Time-resolved structural techniques are beginning to capture enzyme dynamics during catalysis, which could reveal transient states in the LspA catalytic cycle that are potential targets for inhibitor design.
For D. salexigens LspA specifically, these methodological advances offer opportunities to understand its function in the context of sulfate-reducing bacterial physiology and potentially develop selective inhibitors targeting this enzyme in pathogenic Desulfovibrio species.
What are the emerging research questions regarding D. salexigens LspA that remain to be addressed in future studies?
Several critical questions about D. salexigens LspA remain unanswered and represent important areas for future research:
The specific lipoprotein substrates processed by D. salexigens LspA have not been fully characterized. Proteomic analyses comparing wild-type and LspA-deficient strains could identify these substrates and elucidate their functions in sulfate reduction pathways and other cellular processes.
The precise contribution of LspA to Desulfovibrio virulence and pathogenicity remains unclear. As Desulfovibrio species are increasingly recognized for their potential role in human diseases , understanding how LspA contributes to their pathogenic potential could inform therapeutic strategies.
The regulation of lspA expression in D. salexigens under different environmental conditions is largely unknown.
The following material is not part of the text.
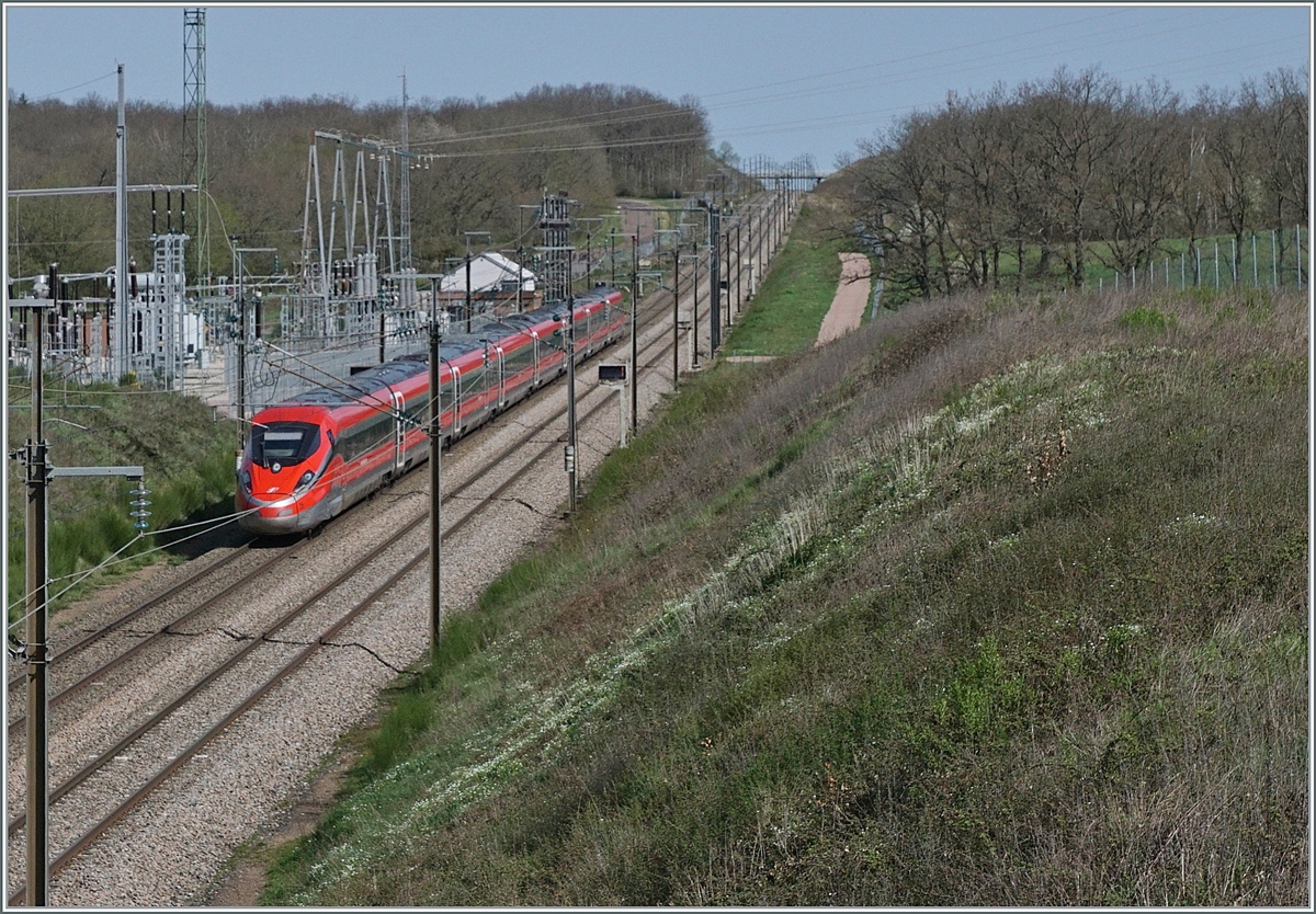 Die Idee kam erst nach der Planung: Neben Foto eines ETR 400 auf der TGV Strecke Paris - Lyon wollte ich auch ein solches von der Hochgeschwindigkeitsstrecke Madrid - Barcelona bekommen. Der "Umweg" hielt sich in Grenzen und war Wettermässig ohnehin die bessere Wahl und so fotografierte ich bei Bujaraloz diesen IRYO ETR 400 / ETR 1000, der sehr schnell durch die ausgetrocknete Landschaft fährt. In Spanien sind die ETR 400 / ETR 1000 als Serie 109 eingereiht. Der Zug ist als IRYO 6011 von Madrid-Puerta de Atocha (ab 10:00) nach Barcelona Sants (an 12:45) unterwegs. 18. April 2024

Studies examining expression patterns in response to factors like oxygen, sulfate availability, and host factors would provide insights into the role of LspA in environmental adaptation.
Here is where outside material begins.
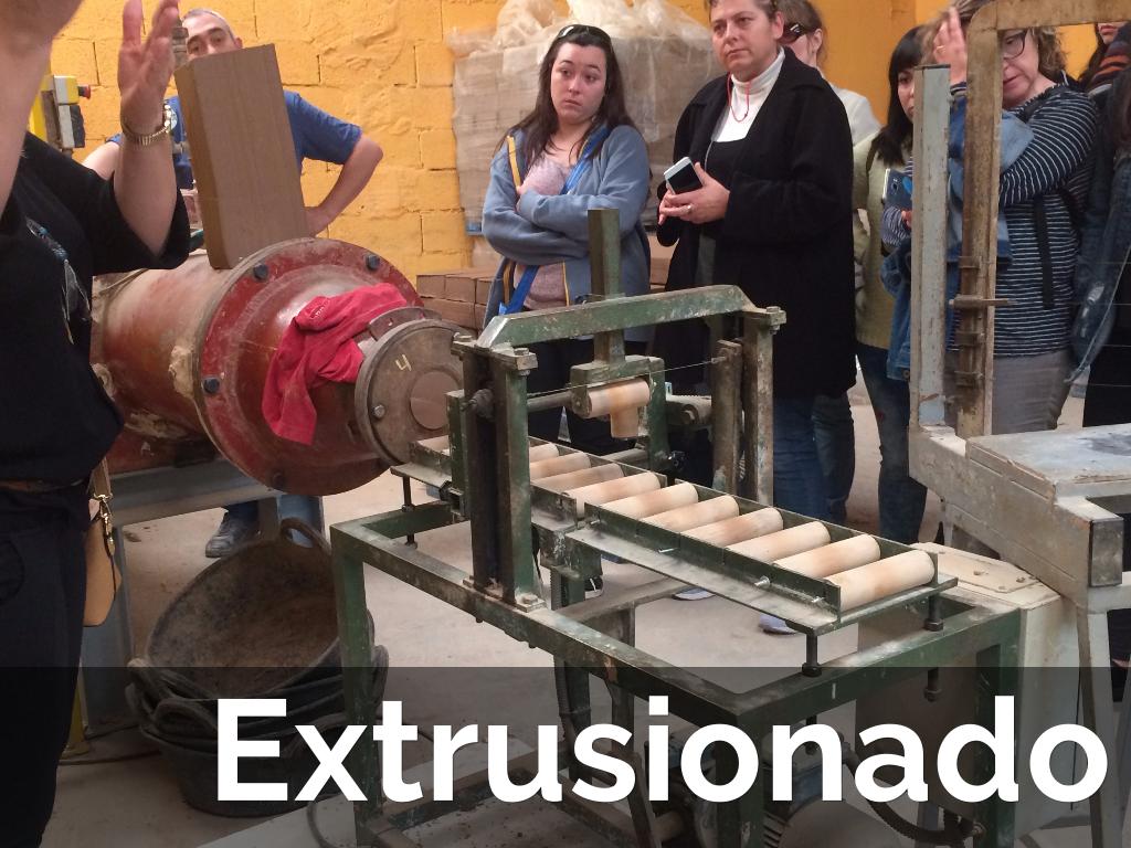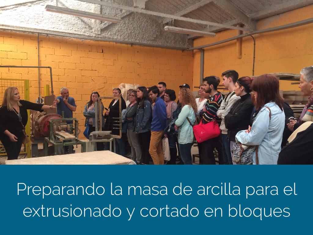 Preparando la masa de arcilla para el extrusionado y cortado en bloques

The potential for developing selective inhibitors targeting D. salexigens LspA while sparing beneficial bacteria remains to be explored. Structural differences between LspA from different bacterial species might allow for the design of species-selective inhibitors.
The evolutionary history of LspA in sulfate-reducing bacteria compared to other bacterial lineages could reveal adaptive changes associated with the specialized lifestyle of Desulfovibrio species. Phylogenetic analyses coupled with structural comparisons could identify these adaptations.